Y tras darle un beso en la empapada frente, se alejó y cedió el sitio a su hermana. Anita se abalanzó sobre su madre y se fundió con ella en un profundo abrazo. No contuvo el llanto. Álvaro la esperaba a corta distancia.
—Mamá —balbuceaba—. Tienes que ser fuerte… reponerte… ¡No nos puedes dejar, mamá!
Mientras trataba de abrir los ojos para observarla con ternura, Ana acariciaba con sus débiles dedos la larga cabellera que su hija había heredado de ella.
—Eres una buena persona, Anita, seguro que vais a ser felices. —Y levantó dolorosamente la mirada hacia Álvaro, que le correspondió con un gesto afirmativo.
—Te quiero, mamá.
—Voy a estar a tu lado, cariño, a todas horas.
Anita besó la mejilla de su madre. Álvaro la separó y con paso vacilante se dirigieron hacia la puerta. A medio camino Anita se volvió para contemplarla de nuevo. Las palabras se ahogaron en su garganta. Álvaro le pasó el brazo sobre los hombros y se la llevó fuera de la habitación. Entonces Anita, apuntalada en el abrazo de su prometido, retomó su llanto desconsolado.
—Que suba ya —ordenó Rosendo.
Y poco después apareció don Raimundo, sofocado.
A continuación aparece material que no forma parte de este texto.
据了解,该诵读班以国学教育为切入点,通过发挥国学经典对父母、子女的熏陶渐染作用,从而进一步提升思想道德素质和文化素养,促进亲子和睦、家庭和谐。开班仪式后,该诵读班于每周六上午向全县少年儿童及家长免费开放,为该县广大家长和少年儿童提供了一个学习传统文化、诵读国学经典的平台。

El rubor de sus mejillas y la respiración agitada indicaban que se había dado prisa en subir las escaleras. El sacerdote, estola al cuello, se ajustó las gafas de concha y dijo:
—Lo siento mucho, señor Roca. Estoy seguro de que el Señor guarda un buen lugar para ella ahí arriba.
Rosendo guardó silencio y lo acompañó al dormitorio. Ella sí creía en él, eso era ahora lo importante.
—Padre… —susurró Ana.
Don Raimundo abrió un recipiente de cobre y tras volcar su contenido sobre el pulgar, ungió la frente de Ana. Aplicó el óleo bendecido haciendo la señal de la cruz mientras pronunciaba:
—Por esta santa unción y por su bondadosa misericordia, te ayude el Señor con la gracia del Espíritu Santo. Para que, libre de tus pecados, te conceda la salvación y te conforte en tu enfermedad. Amén.
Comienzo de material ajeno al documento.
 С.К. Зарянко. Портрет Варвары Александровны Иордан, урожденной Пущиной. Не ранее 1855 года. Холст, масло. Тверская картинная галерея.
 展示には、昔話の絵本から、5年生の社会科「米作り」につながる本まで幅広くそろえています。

Repitió hasta tres veces la señal de la cruz en el rostro de la doliente y después en ambas manos. Para cuando terminó, Ana apenas estaba consciente, entregada a las letanías de la extremaunción. Don Raimundo dirigió la mirada hacia Rosendo, pero éste concentraba la suya en su esposa. Tras llevar a cabo su misión, el sacerdote y Severino Font se retiraron de la estancia en silencio y dejaron a solas al matrimonio.
Rosendo cogió del cajón de la mesita de noche la Biblia que había pertenecido a su madre. Sentado sobre la cama, la abrió y comenzó a leer sin prisas:
—«Feliz el hombre que consigue la sabiduría, el hombre que llega a tener conocimiento».
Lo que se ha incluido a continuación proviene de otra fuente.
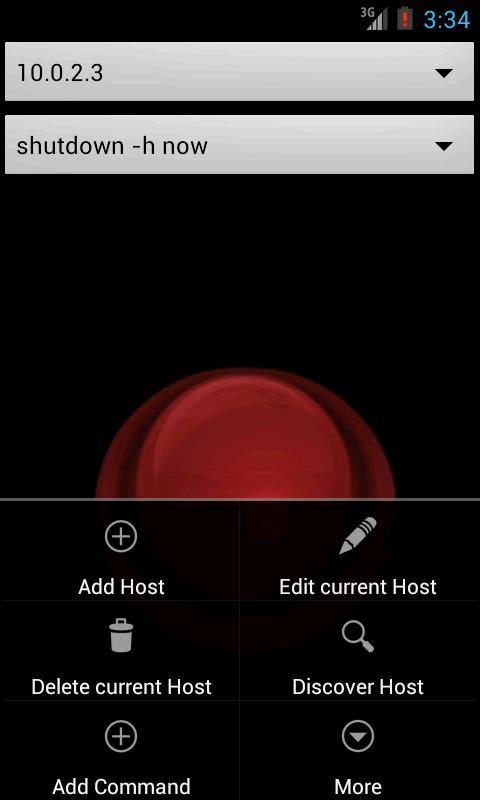 SSHutdown heeft een super eenvoudige gebruikersinterface. Het opzetten van je gastheer en de overeenkomstige opdracht die u wilt uitvoeren en druk op de grote rode knop.

Tras reconocer la lectura como la que ella le había leído casi treinta años atrás, Ana movió sutilmente los dedos de la mano que su marido le sostenía.
—«La sabiduría es más lucrativa que la plata, le sacarás más provecho que al oro; vale más que las piedras preciosas, rebasa lo que puedas desear».
En un movimiento repetitivo Rosendo desviaba la vista del texto para dirigirla a su esposa. Con cada mirada, fogonazos de aquel día de San Juan en el que se enamoró de Ana acudían a su memoria y arremetían contra su corazón. Como si esperara que ese fragmento que a él le había cambiado la vida pudiera salvarla ahora a ella de la muerte. Como si esperara verla de nuevo en pie totalmente curada, recordándole el extenso camino que todavía les quedaba por recorrer juntos.
Pero Ana no se movía. Ni siquiera era capaz ya de abrir los ojos. Rosendo sintió una presión en el pecho al pensar que seguramente ya no volvería a ver esos preciosos ojos de color verde sonreírle, decírselo todo sin decir nada.
—«Con una mano ofrece larga vida, con la otra, riqueza y honor; conduce por caminos deleitosos, por senderos tranquilos».
Rosendo enmudeció mientras se preguntaba dónde estaba esa larga vida prometida. De repente la mano de Ana dejó de aferrarse a los dedos de su marido. El brazo quedó inerte sobre las sábanas, casi de su mismo color crudo. Sin apartar los ojos del rostro de Ana, recitó el último verso:
—«Feliz quien se aferra a la sabiduría: se aferra al árbol de la vida…».
Ahora sí, ella ya no estaba. Ana esbozaba una sonrisa de calma inusitada.
Rosendo se abalanzó sobre el cuerpo inmóvil de su esposa muerta y la abrazó. Ana, su alma, su vida, lo había dejado para siempre. Todo él era resentimiento contra el destino, contra esa injusticia incomprensible. Y entonces Rosendo Roca comenzó a llorar. Ésa fue la primera y la última vez que lo haría.